If what you have is the formula, then in general there might not be a finite polynomial corresponding to the curve, and any finite truncation might be infinitely wrong. Consider for example sin(x): any finite representation as a polynomial must go to either +infinity or -infinity as x approaches infinity, but sin(x) never goes outside the range -1 to +1. Any curve that does not go to +/- infinity at +/- infinity cannot have a finite approximating polynomial without being infinitely wrong.
In the case where the endpoints are +/- infinity, you can potentially approximate as a polynomial by taking the taylor or series expansion.
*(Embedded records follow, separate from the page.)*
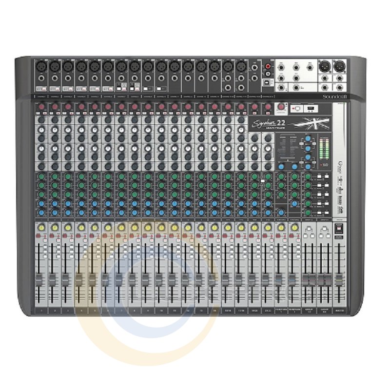 Всего в микшерном пульте Signature 22 MTK 22 канала, из них 16 моно каналов. Каждый оснащен микрофонным XLR/¼ входом и имеет предусилитель «Ghost mic. Preamps». Также с 1 по 8 канал есть лимитер от «DBX». На каждом канале есть ассиметричный эквалайзер «Sapphyre» и 100 миллиметровые фейдэры, что позволяет очень точно настроить частотные характеристики подключенного устройства. На моно каналах эквалайзер с четырьмя регулировками частоты: низкой и высокой, а также «нижней середины» и «высокой середины» (с дополнительным фильтром).
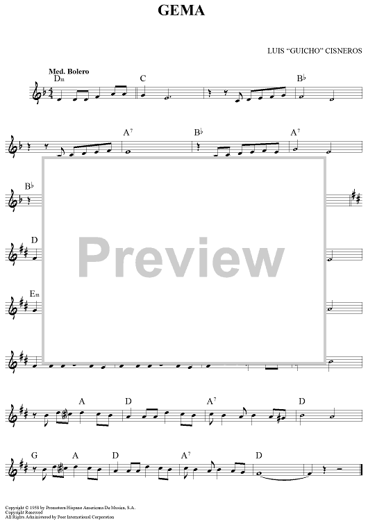 Digital Sheet Music for Gema by Luis "Guicho" Cisneros scored for Lead Sheet; id:449000
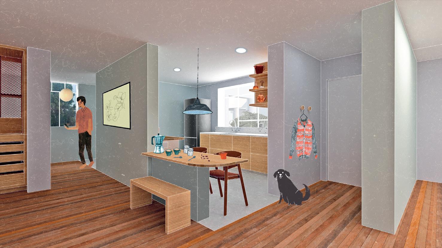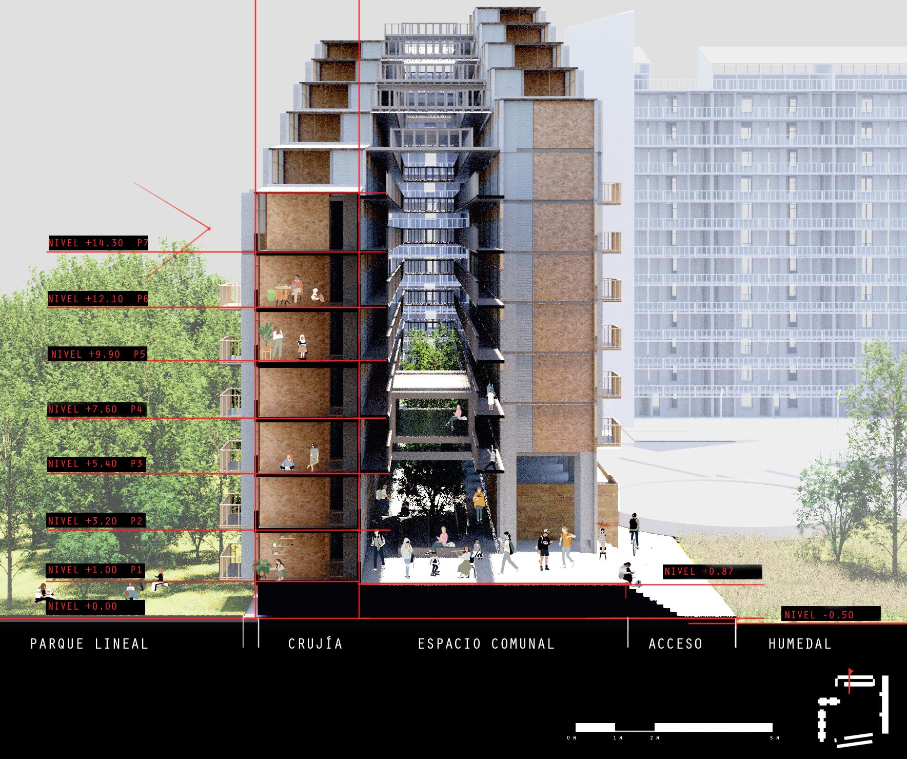 En los bloques de vivienda de interés social se plantea que en primer piso haya la posibilidad de tener vivienda productiva, donde diferentes tipos de familia pueden modular los apartamentos según sus necesidades e intereses.
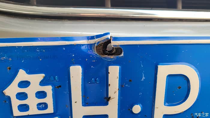 车牌安装框在不更换的情况之下只能简单处理了,热熔以后胶粘,然后车牌整形
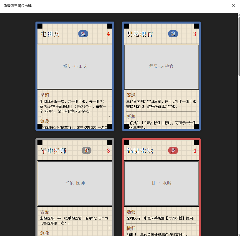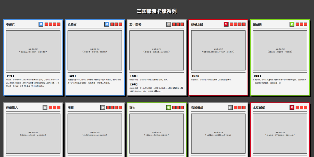 “请帮我设计一系列像素风格的游戏角色卡牌,模仿参考图片的游戏角色卡牌设计案例,设计一系列《三国杀》主题的像素风格游戏角色卡片。要求卡片保持像素风格的特点,并融入了中国三国时期的元素,包括角色穿着汉服、铠甲或符合时代的服饰;卡牌中的角色信息(如角色名、势力、体力、技能名及描述)要用中文呈现。接下来,继续为我设计更多不同身份或特点的三国风格角色卡片,形成一个系列。设计以下角色:1.屯田兵 (对应邓艾 - 强调后勤)2.男运粮官 (对应程昱 - 强调运输)3.军中医师 (对应华佗)4.锦帆水贼 (对应甘宁)5.铸剑匠 (对应蒲元)6.行商贾人 (对应张世平)7.庖厨 (对应厨师/美食家)8.谋士 (对应诸葛亮)9.宫廷舞姬 (对应貂蝉)10.水战都督 (对应周瑜)11.攻城都尉 (对应关羽-转为军事工程职能)12.轻骑兵(对应吕布)13.虎豹骑(对应曹纯)”
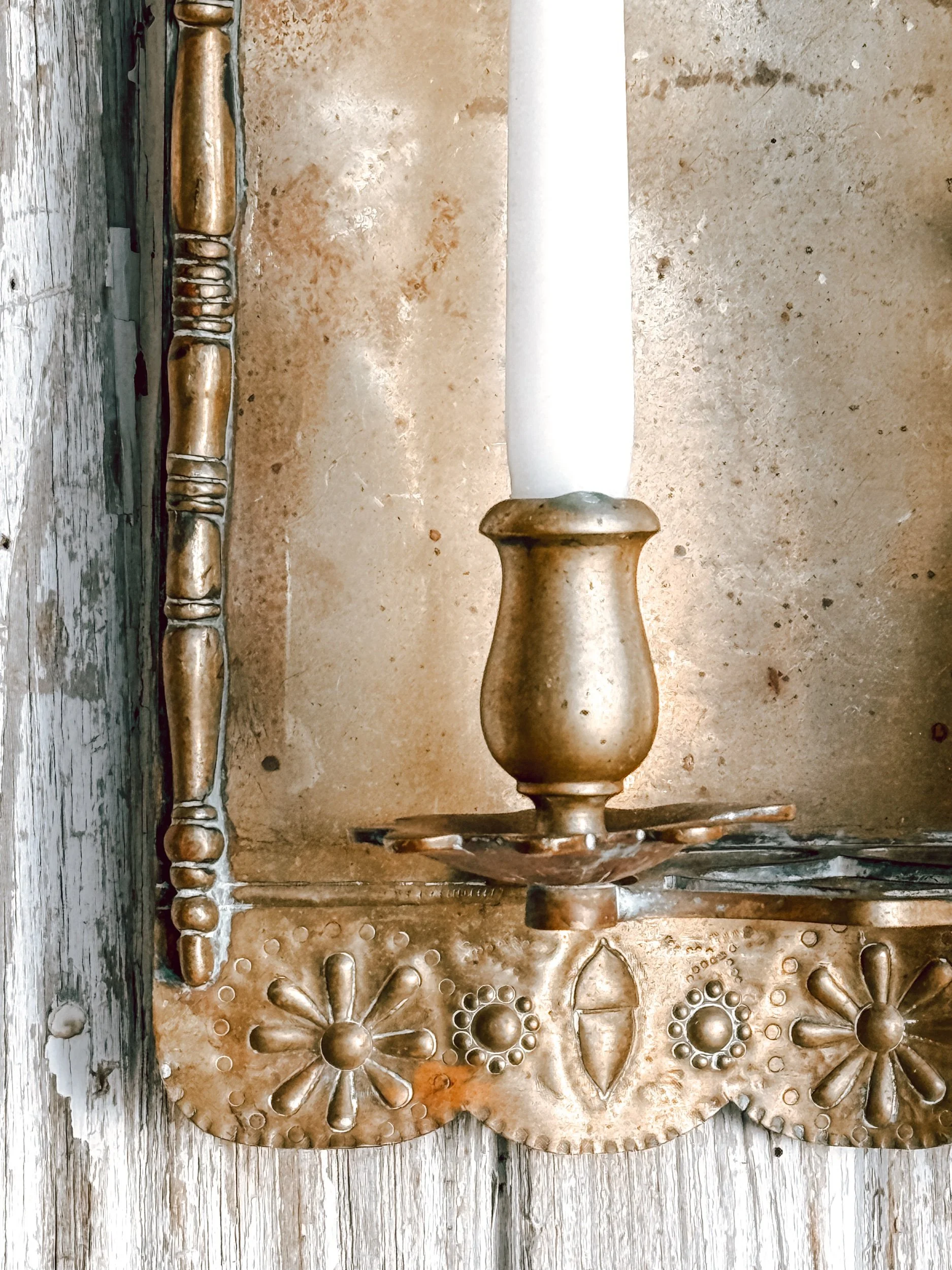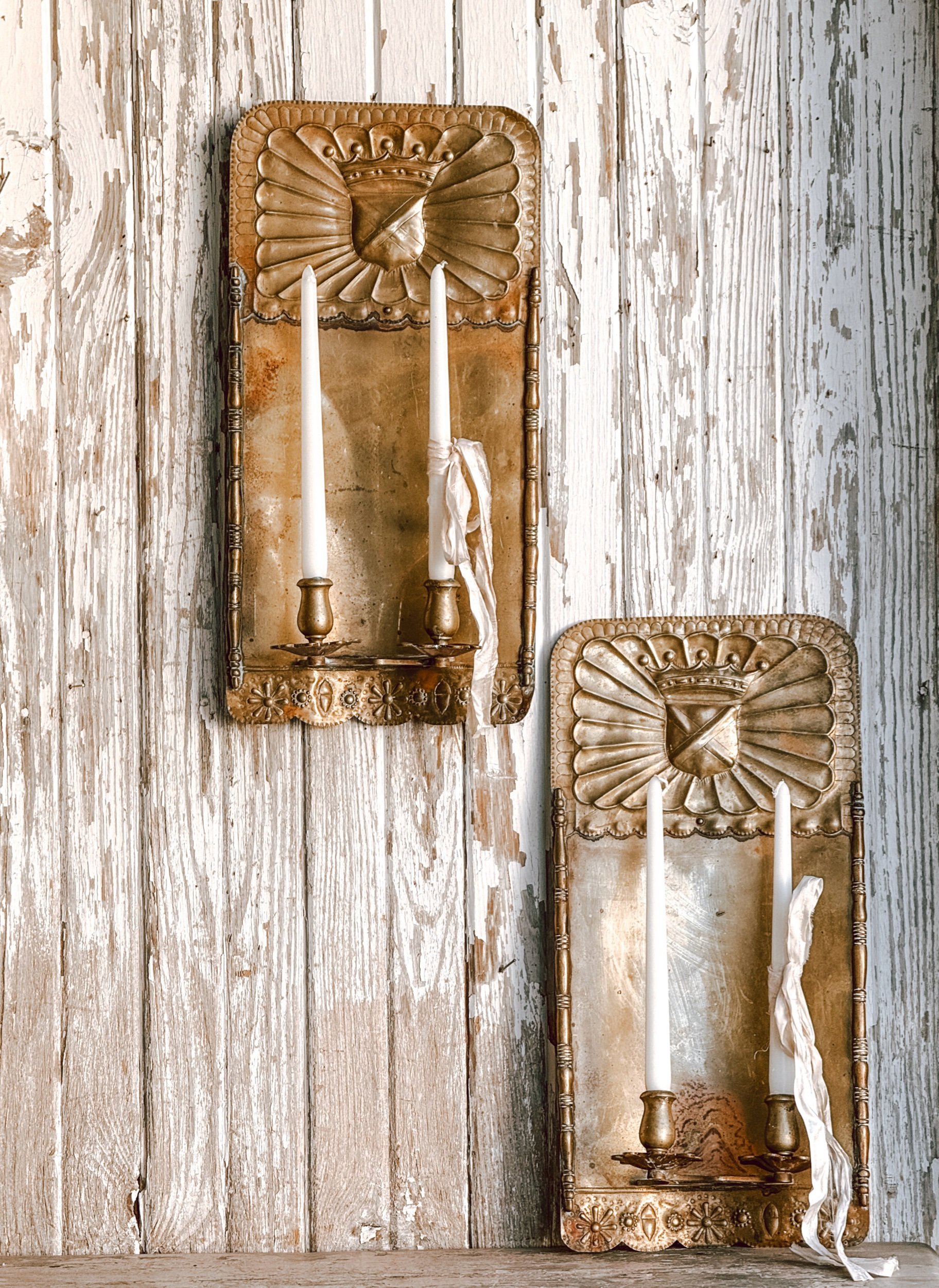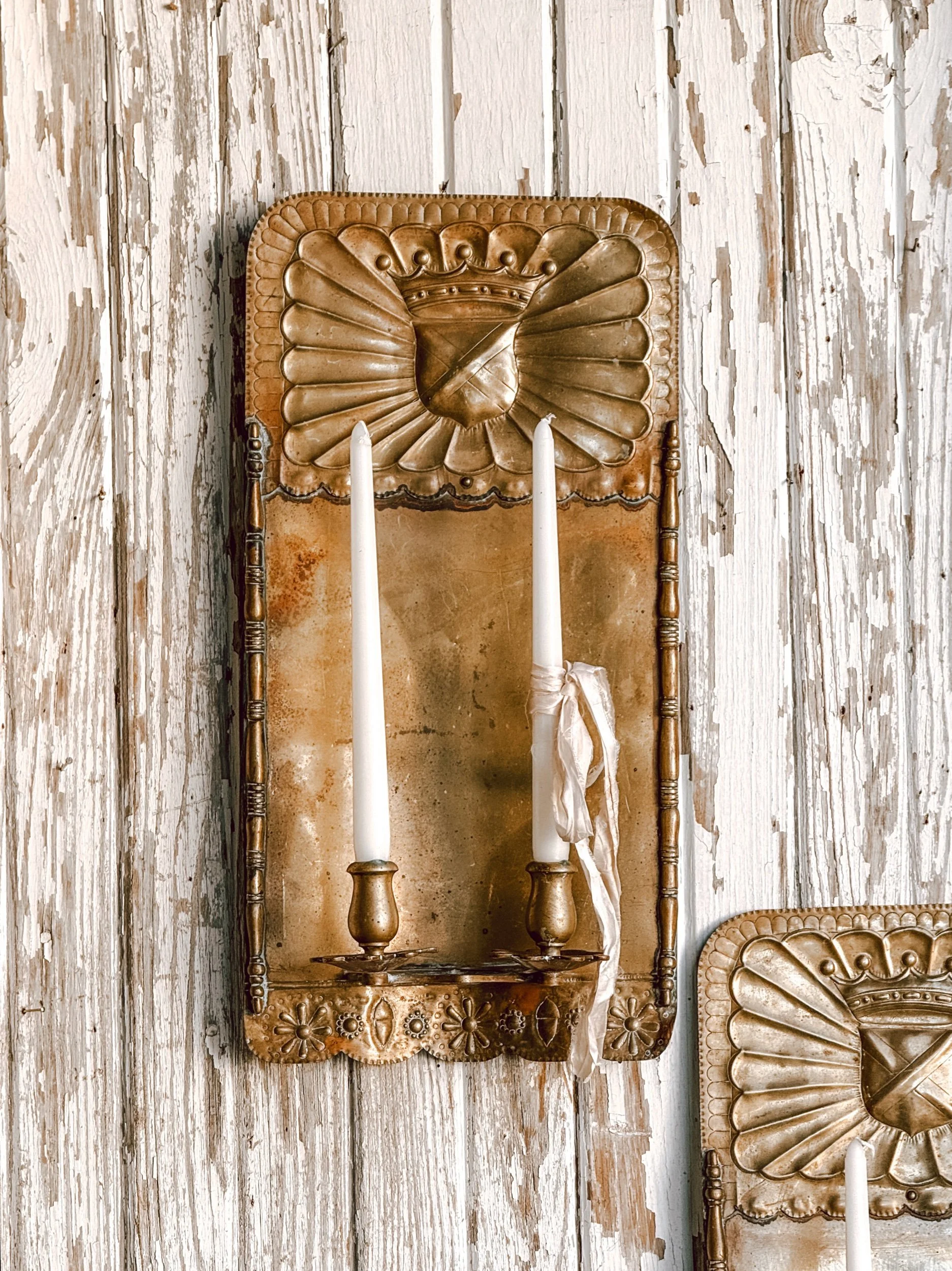 The softly aged patina and sculptural form suggest continental European origin, likely French or Northern Italian. Designed to hold two tapers, it brings warmth and quiet drama to any wall—perfect for entryways, dining spaces, or layered gallery walls.
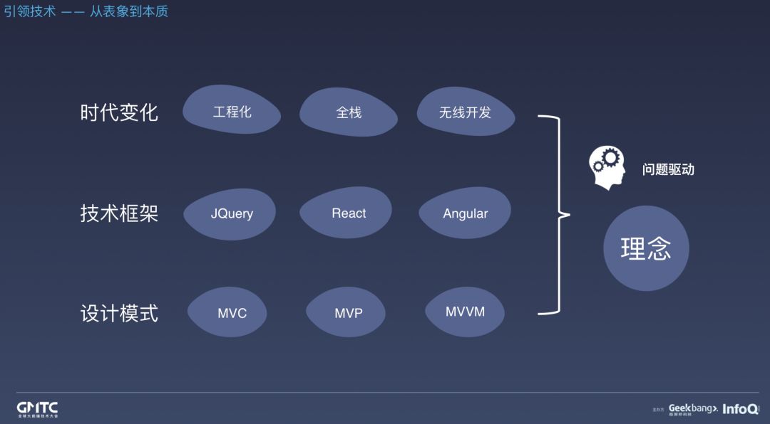刚才我讲时代变化的时候,我的理论是,因为它有一个理论支撑了一个时代变化。框架也一样,框架一定会有基于某个问题解决他的问题。React.js 解决了什么?就是最开始很痛苦,然后就用别的方式重构。无论以前讲的 MVC、MVP 还是 MVVM。大家说以前这个东西我提过,但是最后变成公共标准不是我,而是别人。
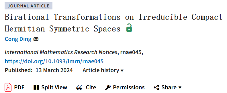近期,国际知名学术期刊“International Mathematics Research Notices”发表了深圳大学数学科学学院助理教授丁聪的学术论文“Birational Transformations on Irreducible Compact Hermitian Symmetric Spaces”。
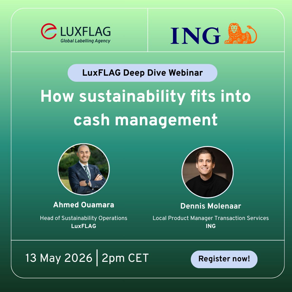 This webinar, organised by LuxFLAG in collaboration with ING Luxembourg, will explore how sustainability can be integrated into cash management solutions through the ING Green Referenced Account, examining its alignment with ESG standards and its role in channeling liquidity toward green assets and sustainable finance objectives.

In the case where what you have is a generating function handle, then you can try passing in a symbolic parameter and see if you get a formula out, in which case the above applies. But if the function handle contains comparisons of the input to values then unless the function was very carefully written, the comparisons of the symbolic variable would fail. If that were to occur, then about the best you can do is generate a bunch of points and do a numeric polynomial fit. But if you do not happen to sample in the right places, you could end up with a rather different result than the function actually represents.
John D'Errico
John D'Errico 2018-8-31
编辑:John D'Errico 2018-8-31
As has been pointed out, there is no polynomial equation that will represent any particular curve. However, some curves will be more amenable to this task than others. In the end, you will generally never be able to extract an exact polynomial for any curve, for many good reasons.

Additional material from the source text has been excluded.